From the album One Thing At A Time
This is about someone who has convinced herself that clarity is the goal while her actions prove chaos is the comfort zone. She catalogs the sensations of overwhelm without ever naming what actually overwhelms her, as if keeping it vague keeps it manageable. The climactic escape is flying down the highway the wrong way with the sun in her eyes, which means the peace she claims to want would actually terrify her.
I don't know where to start / When every thought at once / Comes flooding til I'm underwater
The drowning image is physical but the trigger stays abstract. She never names what thought or decision has her stuck, which suggests the paralysis might be the point. If she picked one thing to think about, she'd have to actually do something about it.

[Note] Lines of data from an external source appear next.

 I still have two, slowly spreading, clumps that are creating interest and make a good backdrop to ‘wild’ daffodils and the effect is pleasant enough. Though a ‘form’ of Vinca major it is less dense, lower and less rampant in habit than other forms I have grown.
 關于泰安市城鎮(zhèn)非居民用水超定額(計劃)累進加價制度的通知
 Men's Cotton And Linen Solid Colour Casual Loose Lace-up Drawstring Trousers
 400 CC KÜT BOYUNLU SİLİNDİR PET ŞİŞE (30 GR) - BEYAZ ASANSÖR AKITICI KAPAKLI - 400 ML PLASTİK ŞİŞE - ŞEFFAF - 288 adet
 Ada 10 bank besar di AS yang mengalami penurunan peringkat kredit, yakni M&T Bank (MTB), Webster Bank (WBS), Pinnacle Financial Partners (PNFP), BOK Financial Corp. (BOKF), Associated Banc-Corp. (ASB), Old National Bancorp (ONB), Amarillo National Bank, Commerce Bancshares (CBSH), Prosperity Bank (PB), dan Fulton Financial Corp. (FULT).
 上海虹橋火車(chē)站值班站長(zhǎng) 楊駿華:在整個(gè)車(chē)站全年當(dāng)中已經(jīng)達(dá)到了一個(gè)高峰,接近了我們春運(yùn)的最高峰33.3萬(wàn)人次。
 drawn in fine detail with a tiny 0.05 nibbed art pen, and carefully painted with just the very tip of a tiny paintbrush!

Over-analyse my dreams n pick apart the seams / Always working from the same old pattern
She describes her overthinking like a compulsion she's watching herself perform. The phrase 'always working from the same old pattern' means she knows this is a loop and keeps doing it anyway. Awareness without change is just another form of the same paralysis.
Oh my god just one thing at a time / Don't get why it's so hard to find / Some peace and quiet swimming in my mind
The plea for 'one thing at a time' is itself another thought flooding in. Peace and quiet 'swimming' in her mind is a weird image because swimming is active, not restful. She might want the feeling of motion more than the feeling of calm.

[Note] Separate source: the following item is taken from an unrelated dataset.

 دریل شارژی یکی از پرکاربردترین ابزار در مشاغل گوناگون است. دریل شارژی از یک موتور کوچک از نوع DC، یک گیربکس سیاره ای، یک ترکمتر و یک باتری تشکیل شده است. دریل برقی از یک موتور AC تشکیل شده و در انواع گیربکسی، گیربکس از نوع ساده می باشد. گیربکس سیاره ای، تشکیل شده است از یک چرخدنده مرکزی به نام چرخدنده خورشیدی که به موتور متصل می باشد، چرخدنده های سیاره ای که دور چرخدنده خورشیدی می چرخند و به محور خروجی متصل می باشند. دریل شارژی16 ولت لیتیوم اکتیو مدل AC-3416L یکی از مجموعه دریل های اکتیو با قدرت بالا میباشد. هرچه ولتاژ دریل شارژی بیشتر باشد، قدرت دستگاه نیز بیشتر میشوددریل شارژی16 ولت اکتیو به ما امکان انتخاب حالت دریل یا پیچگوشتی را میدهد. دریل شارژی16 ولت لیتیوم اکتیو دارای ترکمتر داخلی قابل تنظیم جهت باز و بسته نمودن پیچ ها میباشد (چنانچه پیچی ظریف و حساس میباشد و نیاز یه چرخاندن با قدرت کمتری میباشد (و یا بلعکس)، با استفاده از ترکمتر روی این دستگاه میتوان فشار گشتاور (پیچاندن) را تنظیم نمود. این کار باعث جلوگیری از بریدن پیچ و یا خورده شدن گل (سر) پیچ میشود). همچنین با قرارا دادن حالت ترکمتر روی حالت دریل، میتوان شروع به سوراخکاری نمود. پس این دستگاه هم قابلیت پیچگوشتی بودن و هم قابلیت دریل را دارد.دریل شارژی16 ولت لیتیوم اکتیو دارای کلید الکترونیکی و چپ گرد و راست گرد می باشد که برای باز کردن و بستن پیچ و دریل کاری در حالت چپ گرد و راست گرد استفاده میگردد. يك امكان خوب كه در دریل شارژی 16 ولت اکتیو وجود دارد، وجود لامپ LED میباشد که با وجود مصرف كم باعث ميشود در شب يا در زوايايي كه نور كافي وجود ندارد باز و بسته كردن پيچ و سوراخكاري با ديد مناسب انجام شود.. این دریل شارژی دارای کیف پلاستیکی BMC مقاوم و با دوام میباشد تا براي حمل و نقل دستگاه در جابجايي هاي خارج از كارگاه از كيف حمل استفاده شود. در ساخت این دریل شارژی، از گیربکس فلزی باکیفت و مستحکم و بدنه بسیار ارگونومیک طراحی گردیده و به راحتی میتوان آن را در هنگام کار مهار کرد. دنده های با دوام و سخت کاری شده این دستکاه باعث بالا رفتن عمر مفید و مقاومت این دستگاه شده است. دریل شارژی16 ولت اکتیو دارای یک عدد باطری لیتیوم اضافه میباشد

On a scenic drive, I'm flying down / The middle of the highway / Wrong way. The sun in my eyes
The supposed escape is fast, dangerous, and literally going the wrong direction. If this is what freedom looks like to her, then the chaos isn't something happening to her. It's something she drives toward every time things get too still.
The song ends with 'gotta fix this all somehow' right after describing a scene of total chaos, which means she still thinks there's a solution waiting if she can just think hard enough. The real tension is that her desire for change is another string in the pattern she claims to want to escape. Barnett never resolves it because the narrator can't.